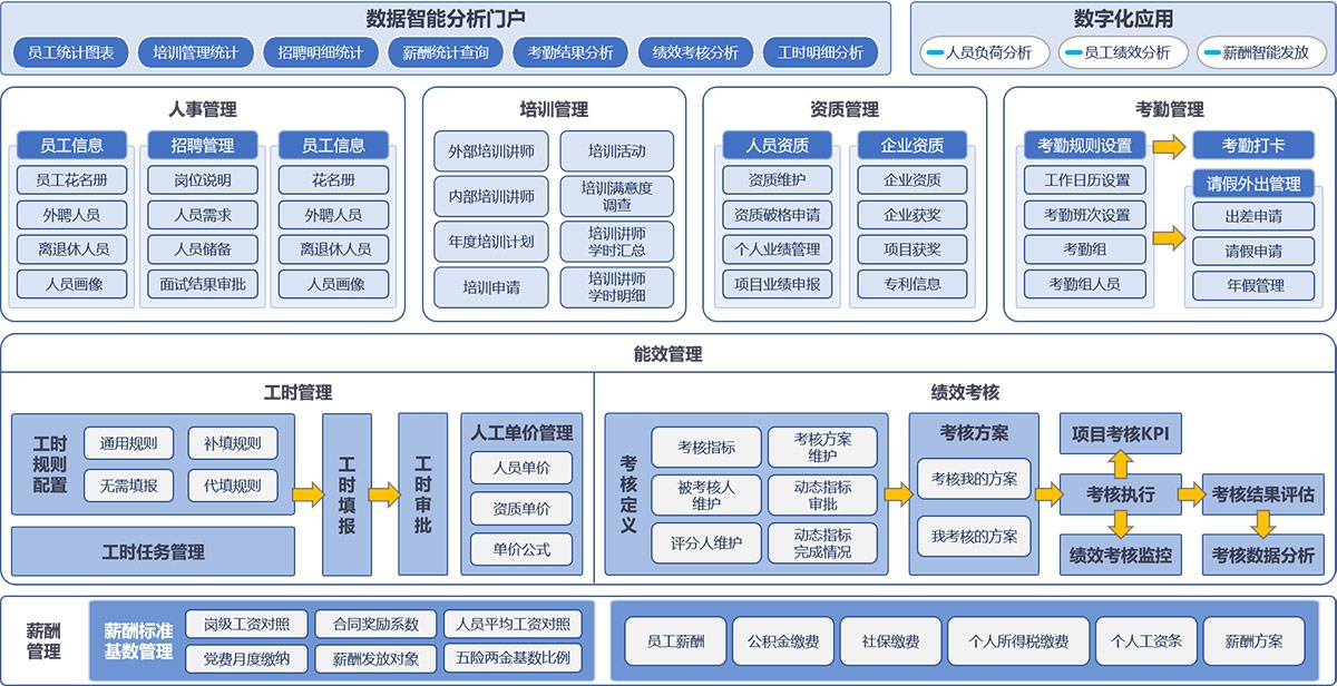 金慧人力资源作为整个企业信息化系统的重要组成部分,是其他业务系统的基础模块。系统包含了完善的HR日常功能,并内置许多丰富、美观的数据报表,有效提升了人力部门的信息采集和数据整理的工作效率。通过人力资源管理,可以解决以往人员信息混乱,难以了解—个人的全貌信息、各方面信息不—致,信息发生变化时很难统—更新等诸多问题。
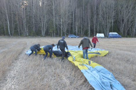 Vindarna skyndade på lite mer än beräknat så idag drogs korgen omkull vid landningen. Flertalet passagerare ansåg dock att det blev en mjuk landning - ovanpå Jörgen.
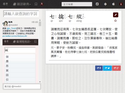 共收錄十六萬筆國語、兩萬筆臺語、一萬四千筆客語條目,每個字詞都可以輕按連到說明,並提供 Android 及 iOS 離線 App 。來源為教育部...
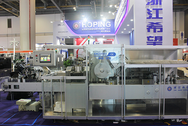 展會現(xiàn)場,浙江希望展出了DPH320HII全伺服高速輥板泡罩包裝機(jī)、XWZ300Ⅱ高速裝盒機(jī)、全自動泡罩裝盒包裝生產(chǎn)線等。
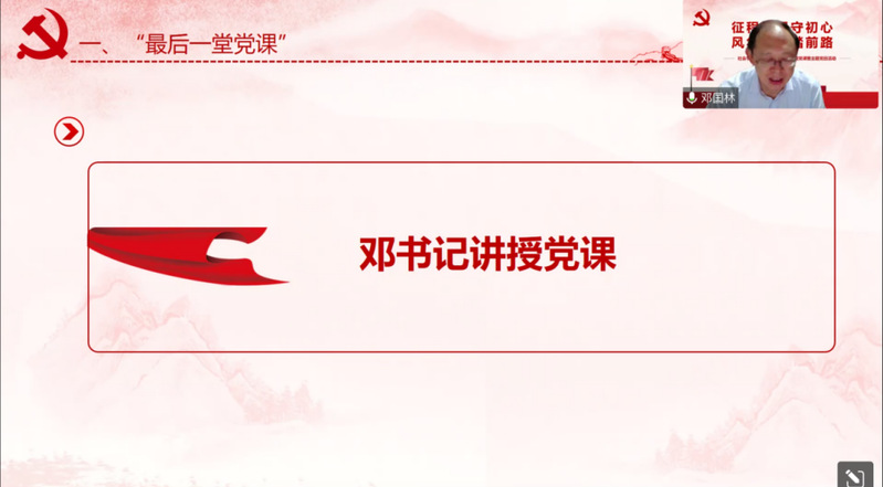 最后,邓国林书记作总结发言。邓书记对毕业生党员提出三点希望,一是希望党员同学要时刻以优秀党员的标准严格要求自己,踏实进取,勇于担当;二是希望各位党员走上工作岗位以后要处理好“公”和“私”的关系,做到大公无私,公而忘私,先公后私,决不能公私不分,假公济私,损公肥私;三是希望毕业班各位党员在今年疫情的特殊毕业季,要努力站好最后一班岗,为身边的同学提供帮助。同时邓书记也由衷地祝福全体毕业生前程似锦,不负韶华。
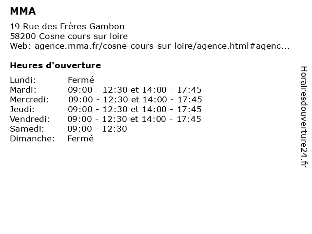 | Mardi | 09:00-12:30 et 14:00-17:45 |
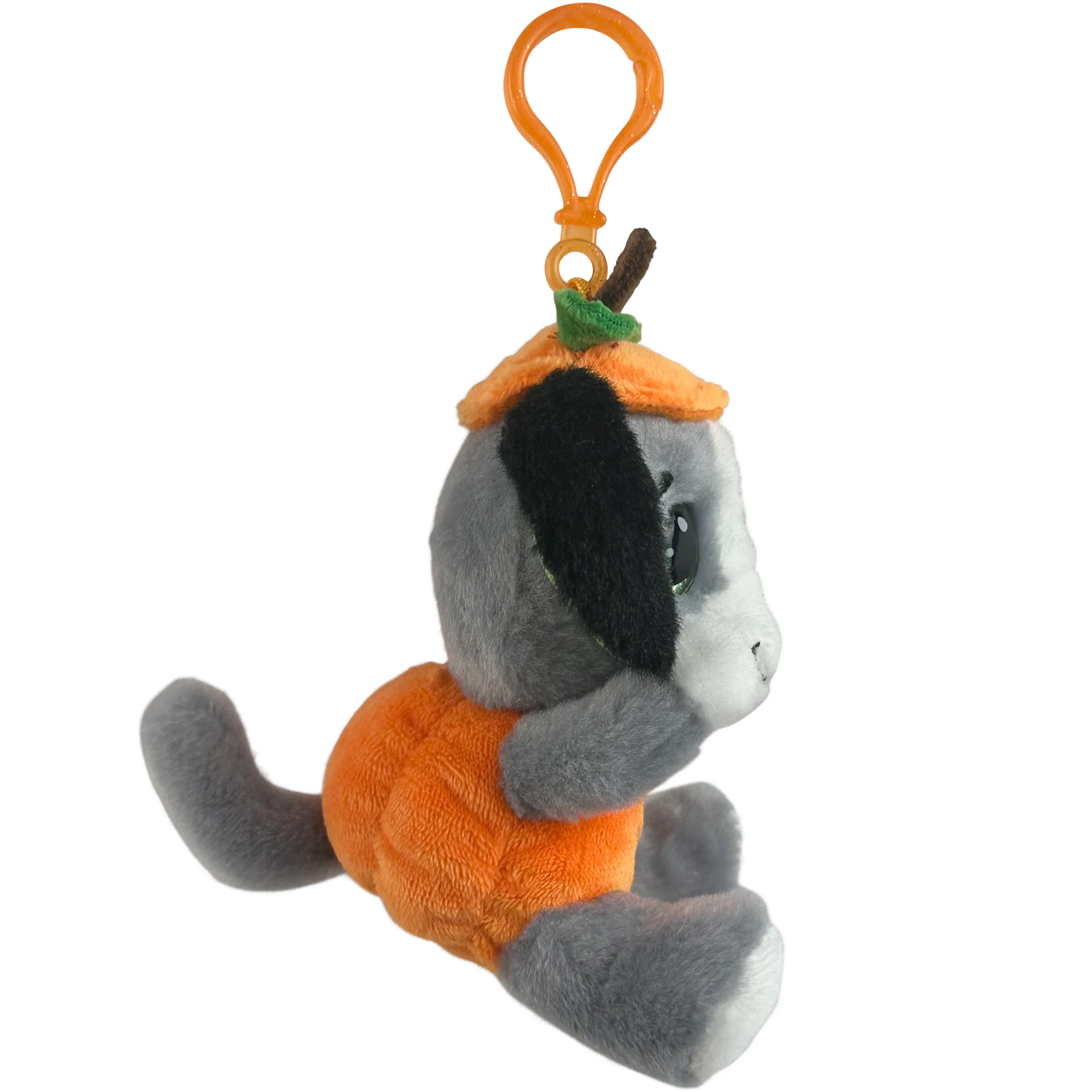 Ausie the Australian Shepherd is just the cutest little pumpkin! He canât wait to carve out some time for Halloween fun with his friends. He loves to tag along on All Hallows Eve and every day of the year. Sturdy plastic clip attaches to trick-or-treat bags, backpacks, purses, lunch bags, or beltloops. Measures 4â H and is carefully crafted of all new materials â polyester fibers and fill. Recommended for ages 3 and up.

• • • • • • •

How to complete this task: Reproduce the listing exactly, minus its pictures.

Finished exercise:
 金慧人力资源作为整个企业信息化系统的重要组成部分,是其他业务系统的基础模块。系统包含了完善的HR日常功能,并内置许多丰富、美观的数据报表,有效提升了人力部门的信息采集和数据整理的工作效率。通过人力资源管理,可以解决以往人员信息混乱,难以了解—个人的全貌信息、各方面信息不—致,信息发生变化时很难统—更新等诸多问题。
 Vindarna skyndade på lite mer än beräknat så idag drogs korgen omkull vid landningen. Flertalet passagerare ansåg dock att det blev en mjuk landning - ovanpå Jörgen.
 共收錄十六萬筆國語、兩萬筆臺語、一萬四千筆客語條目,每個字詞都可以輕按連到說明,並提供 Android 及 iOS 離線 App 。來源為教育部...
 展會現(xiàn)場,浙江希望展出了DPH320HII全伺服高速輥板泡罩包裝機(jī)、XWZ300Ⅱ高速裝盒機(jī)、全自動泡罩裝盒包裝生產(chǎn)線等。
 最后,邓国林书记作总结发言。邓书记对毕业生党员提出三点希望,一是希望党员同学要时刻以优秀党员的标准严格要求自己,踏实进取,勇于担当;二是希望各位党员走上工作岗位以后要处理好“公”和“私”的关系,做到大公无私,公而忘私,先公后私,决不能公私不分,假公济私,损公肥私;三是希望毕业班各位党员在今年疫情的特殊毕业季,要努力站好最后一班岗,为身边的同学提供帮助。同时邓书记也由衷地祝福全体毕业生前程似锦,不负韶华。
 | Mardi | 09:00-12:30 et 14:00-17:45 |
 Ausie the Australian Shepherd is just the cutest little pumpkin! He canât wait to carve out some time for Halloween fun with his friends. He loves to tag along on All Hallows Eve and every day of the year. Sturdy plastic clip attaches to trick-or-treat bags, backpacks, purses, lunch bags, or beltloops. Measures 4â H and is carefully crafted of all new materials â polyester fibers and fill. Recommended for ages 3 and up.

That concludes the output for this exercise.